Витрина книжного магазина была подернута сизой наледью — ничего не разглядеть, — сквозь наледь проступал теплый свет. Петр Алексеевич торопливо распахнул дверь, звякнул колокольчик, пахнуло свежей типографской краской и еще чем-то забористым, бражным, словно под прилавком стояли кадки с мочеными яблоками. Опрятный щеголеватый приказчик мгновенно вырос перед ним, улыбка его была вполне искренней, будто он ждал Илинского.

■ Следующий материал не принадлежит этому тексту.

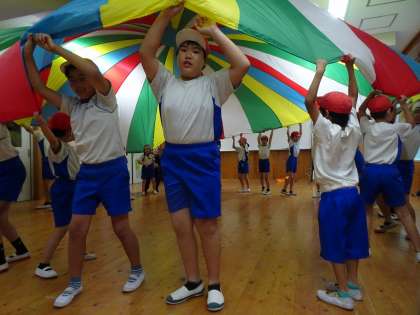育成合同運動会に向けて、久我の杜小学校のたいよう学級と一緒に、パラバルーンの練習をしました。音楽をしっかりと聞き、周りの友だちの動きを見ながら、息を合わせてパラバルーンを動かしていました。
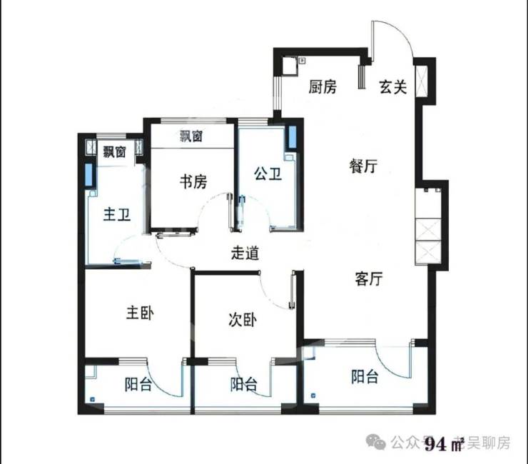 A1户型建面约94㎡3房

— Чем интересуетесь, сударь?

— Видите ли... моя фамилия Илинский, я автор брошюр и хотел увидеть хозяина.

— Извольте-с, сию минуточку.

Петр Алексеевич окинул взглядом магазин, взял первый попавшийся журнальчик и на последней странице увидел рекламу, набранную изящным шрифтом:

В медико-хирургическом магазине Н.П. Петрова (СПб., Выборгская сторона, Нижегородская, 15) имеются в продаже следующие сочинения д-ра Илинского:

Народные чтения:

1. Питье и крепкие напитки. 10 коп.

2. Одежда и чистоплотность. 10 коп.

3. О дифтерите (гнилой жабе). 5 коп.

Сколько раз уж видел Петр Алексеевич свою фамилию, набранную типографским шрифтом, но, пожалуй, впервые испытал такое волнение, его точно теплой волной обдало, по спине забегали мурашки, так случалось с ним в раннем детстве, когда получал от батюшки подарок.

— Господин Илинский? Очень рад! — хозяин магазина Петров, в старомодном сюртуке, узкоплечий, худой, совершенно лысый, удивительно напоминал букву «ижицу». Рука у него была сухой и горячей. — Раньше имел честь видеть вас в качестве покупателя, а теперь вы — автор, поздравляю. Брошюры расходятся очень даже хорошо. Позвольте по поручению господина Шмидта вручить вам авторские экземпляры и гонорар.

«С газетой тоже все получится, — с уверенностью подумал Илинский, — непременно получится», — и погладил шероховатую поверхность обложки, на которой было вытеснено его имя.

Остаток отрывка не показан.